How do you remove the patina? Is that an involved process as well? Can it be repeated as often as you want with bronze watches? I was not aware that was an option.


----------



## ProdigalGil (Nov 29, 2019)

cdobson said:


> Watch suspended over some white vinegar and contained in a ziplock bag to let some air move but not much. Hold the vinegar in a ramekin at the bottom and a sieve to hold the watch over it. Then just keep an eye on it for the desired level of growth. Vinegar if applied to the watch will work to reverse a process, but if the watch is contained with the gasses it quickly and easily speeds it along.


I like it. Proper creative. Sweet Cotton Candy...Sour Vinegar. Sweet and Sour Candy! Floss


----------



## wheelbuilder (Nov 25, 2016)

Really cool looking actually. Generally not a fan of bronze in any state, but this looks good. Congrats!

Sent from my BBB100-1 using Tapatalk


----------



## CaliMex (Jan 12, 2018)

Congratulations on your new Oris! That color really does pop against the light.


----------



## NC_Hager626 (Sep 20, 2018)

Congrats on your new Oris "Cotton Candy". You mentioned that you have removed the patina, would be interesting to see your watch after the patina has been removed. Enjoy wearing your new Oris.


----------



## ofted42 (Jan 11, 2018)

Wow, not my style but looks good! I like how the patina sets off the blue/green of the dial color.


----------



## sticky (Apr 5, 2013)

The patina was a bit OTT for me but it’s a lovely watch.
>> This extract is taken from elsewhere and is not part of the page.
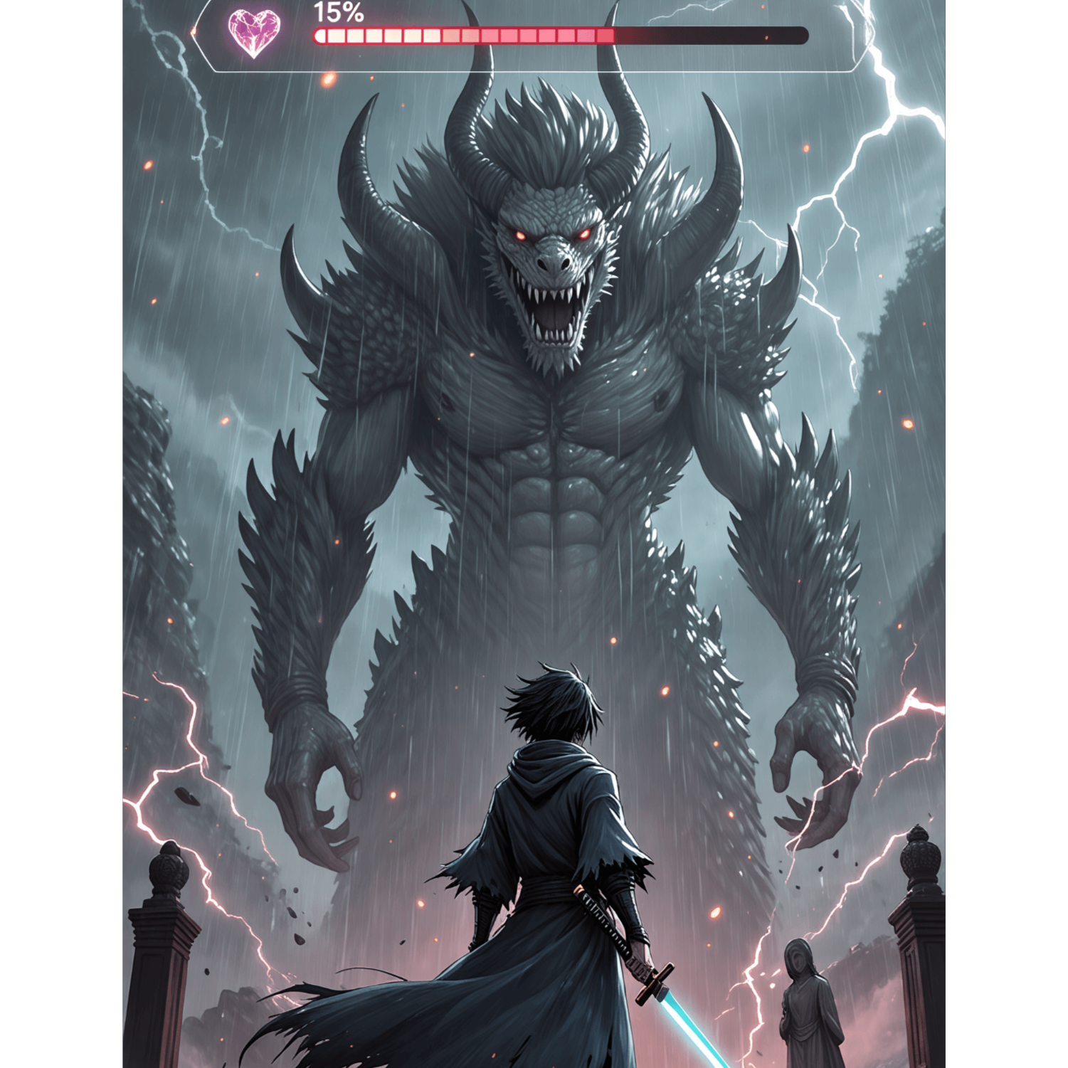 Anime final boss OST hybrid at 180 BPM (double-time), Styles: melodic dubstep × drum & bass × symphonic metal × taiko/cinematic percussion with cyberpunk synths, Electric guitars: tight palm-mute riffs, octave power chords, soaring harmonized lead for the main motif, DnB drums with rolling breaks and a cutting snare; switch to half-time for dubstep drops with clean sub, punchy growls and laser stabs, Taiko ensemble and clacks drive a war cadence; occasional psy-style triplet fills and risers for chaos, Emotional minor-key theme carried by lead guitar and strings, answered by a bright lead synth, Structure: cinematic intro (taiko), dramatic build, Drop A (DNB + guitars), lyrical breakdown (piano/strings, melodic dubstep theme), Drop B “final form” (half-time dubstep + double-kick guitars + taiko swells) → victorious coda, Sound design: sword-clash hits, reverse whooshes, short kiai shouts, Mix: wide, heroic, loud yet dynamic; sub clean, guitars crisp, sidechain pads to kick

I’d love to see it now that you’ve stripped it.


----------



## kritameth (Oct 11, 2015)

That is super cool, rock on!


----------



## cdobson (Dec 14, 2013)

post patina removal. The pink has dulled and it looks good asf IMO. So the quickest way to remove bronze patina is lemon juice actually.
Submerge for a few mins, a wash with some soap and a toothbrush and you got a cruft free watch.


----------



## NC_Hager626 (Sep 20, 2018)

cdobson said:


> post patina removal. The pink has dulled and it looks good asf IMO. So the quickest way to remove bronze patina is lemon juice actually.
> Submerge for a few mins, a wash with some soap and a toothbrush and you got a cruft free watch.


Looks good all cleaned up. It looks like the lemon juice treatment did take off some of the brass's sheen.


----------



## malioil (May 7, 2011)

A lovely watch... wasn't so sure when I saw it with the first patina but after removing it, you have a stellar watch!


----------



## RITinker (Apr 19, 2019)

Wow, you are the Louis Pasteur of watch patina.
Thanks for the details of how you did it.
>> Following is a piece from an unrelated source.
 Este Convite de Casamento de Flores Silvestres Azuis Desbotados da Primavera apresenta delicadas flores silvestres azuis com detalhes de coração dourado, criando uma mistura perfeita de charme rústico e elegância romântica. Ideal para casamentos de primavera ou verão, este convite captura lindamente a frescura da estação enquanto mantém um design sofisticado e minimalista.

People on WUS often say that no one even notices the watch they’re wearing. That one, especially with the patina, will be noticed.

I love the dial color too. It has such a sunny summer look. Enjoy it!


Sent from my iPhone using Tapatalk


----------



## Mondo Shizmo (May 2, 2017)

Cool to see the watch out and about on peoples wrist. I love the size and dial but not a huge fan of bronze getting a patina. I love the bronze color though.


----------



## Yukoner1 (Aug 26, 2019)

I tried on this new reference at my AD just last week, and I was super excited about it ! However, it wears really small 😕 I'll post up a pic later, but I personally feel it's too small for my 7.5" wrist. I love everything about the watch, except for its size. I wish they would have made two sizes, ~40mm and ~34mm, one for the guys and one for the gals. I feel they tried to compromise and make one size that _could_ fit both, but then leaves lots of us out. For fun, my wife tried it on and it was too large for her (I don't recall her wrist size but it's very petit).


----------



## Sebi6916 (Sep 23, 2021)

cdobson said:


> This was my 2021 grail, got it June 1st(release day) Could not be more chuffed over the wee Candy. Did a little pætining with vinegar vapors for fun. Show yours off and let the circle chuffing begin!
> View attachment 15918195
> View attachment 15918197


Hello, looks great! How long did you keep it in vinegar gases?? Thanks


----------



## Picaroon (Jul 10, 2014)

Yukoner1 said:


> I tried on this new reference at my AD just last week, and I was super excited about it ! However, it wears really small  I'll post up a pic later, but I personally feel it's too small for my 7.5" wrist. I love everything about the watch, except for its size. I wish they would have made two sizes, ~40mm and ~34mm, one for the guys and one for the gals. I feel they tried to compromise and make one size that _could_ fit both, but then leaves lots of us out. For fun, my wife tried it on and it was too large for her (I don't recall her wrist size but it's very petit).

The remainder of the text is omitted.